The father of holistic planning has automated his process for helping individuals figure out the most important things in their lives, essentially robotizing the first few steps of the life planning process he created almost 20 years ago.
“Everyone has always said you can't do this online, so I s et my mind to it,” said George Kinder, founder and president of The Kinder Institute of Life Planning.
His firm recently created the website
Life Planning For You, an online tool that leads people through a series of deeply personal questions, including asking them to imagine if they had only a day left to live, what would they feel they had missed out on doing or being?
One aspect that makes this online process better than doing it live is that a client can more privately delve into the in-depth nature of the questions, Mr. Kinder said.
But by virtue of it being an automated system, it has weaknesses, he said.
The challenges of a web-based program include creating intimacy with clients and inspiring them to commit to and live out their life plan, Mr. Kinder said. Of course, some advisers don't do this particularly well either, he added.
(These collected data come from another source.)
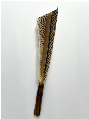
FEATHER KNIFE I, 2022

So when a gallery builds a not insubstantial part of their program around keeping well-stocked flatfiles, it's worth taking note; and when they mount an exhibition that frees the work from the drawers and lets it live (at least for a little while) on the walls, as the Chicago gallery Goldfinch has done with their recently mounted and simply titled exhibition A Flatfiles Show , it's certainly worth having a look.
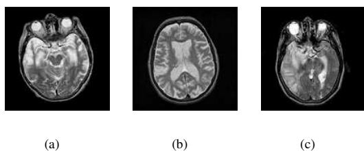
Fig. 3. (a) Pick's Disease (b) Huntington Chorea (c) Cerebrovascular Fatal Stroke; Courtesy to:[25]

the objective to estimate the exact affine parameters, this paper suggests the use of various robust functions that gradually acquaints nonconvexity as the multiresolution pyramid reaches its finer level of resolution. This new proposal considerably improves the power of parameter estimation in all kind of images and hence one can say that the proposed approach achieved the worthy level of applicability.
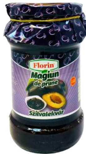
Plum Butter Net Weight: 360 gr 8 Pcs / Box
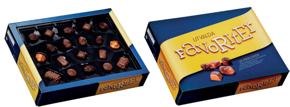
Utvalda Favoriter 350 g
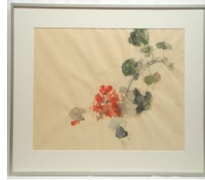
Lot # 160

160 Watercolour signed Molly Lamb B. (Bobak), 17 5/8 x 24", "Flowering Branch".
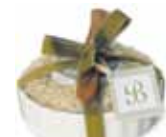
ARTICHOKE BAKING DISH 1015
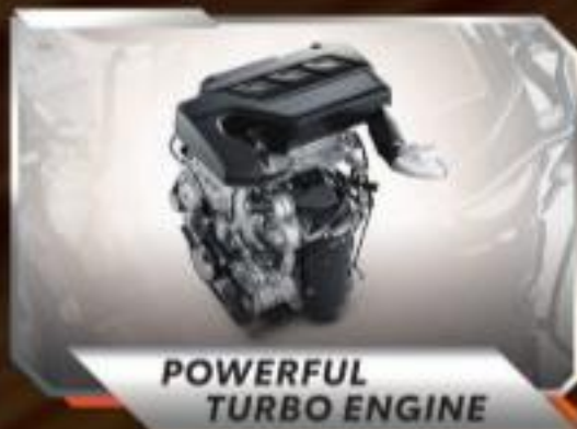
POWERFUL TURBO ENGINE
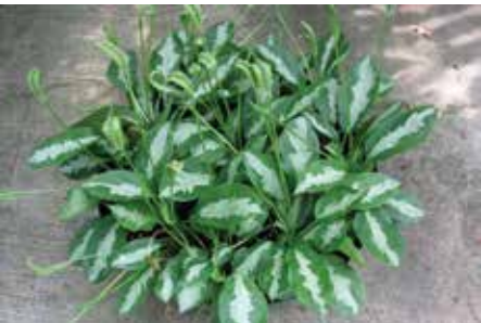
Spathicarpa gardneri ARACEAE

Distribution of plants will take place only on November 8, 2014, from 10:00am until 2:00pm. There are no rainchecks. Also, we are unable to hold or ship plants.

The institute makes the tool available for free to the public.
The planning tool for consumers concludes by offering some basic financial advice on investments and insurance and suggests that those who want more should contact a live adviser trained in life planning. The institute offers a searchable tool for finding these advisers, all of whom have completed the life planning training.
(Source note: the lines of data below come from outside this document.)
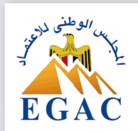
Egyptian Accreditation Council
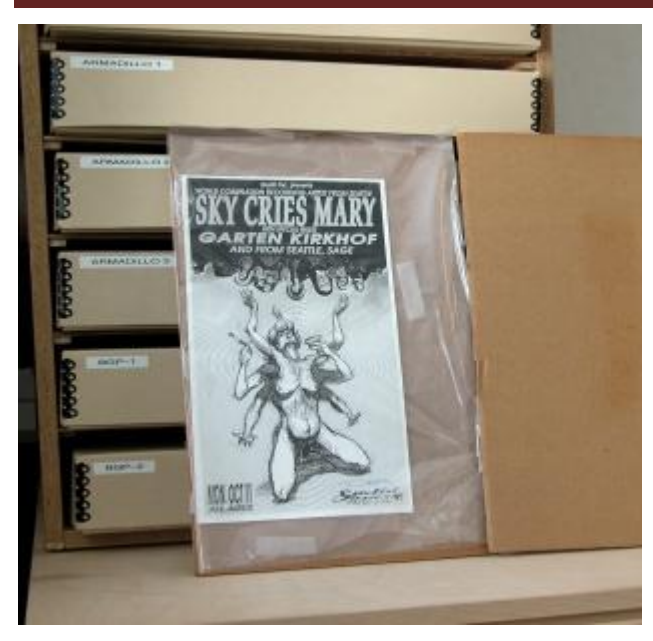
Dangers of tape and plastic So, be careful when you remove a posters from a taped bag!
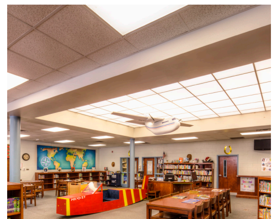
Brighter, more consistent lighting in the library at Temple Elementary makes for a better learning environment.
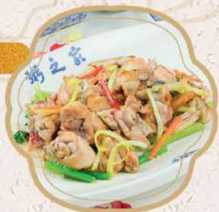
油爆田雞 $28.95 Sautéed Frog with Vegetable
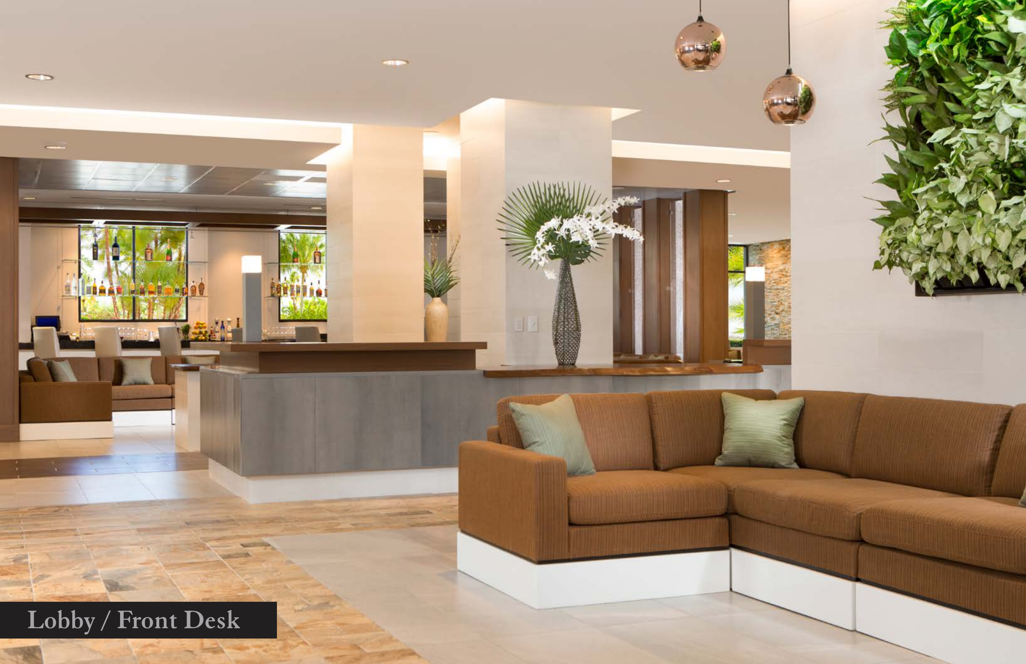
Lobby / Front Desk

About 3,000 people have used the online tool, and about half of those who complete the process look for an adviser, Mr. Kinder said.
“The consumer who has complex issues is going to want an adviser,” he said. “We show how they can find an adviser.”
Life planning, or holistic planning, grew in popularity in the late 1990s as the giant baby boomer generation began to think seriously about retirement. Mr. Kinder, then an adviser, published a book in 1999 that became a practical guide for other advisers on how to get into personal, goals-oriented talks with clients, even though it was originally written for consumers.
Goals-based planning has grown in popularity ever since, and is part of the process many people go through with advisors or brokers.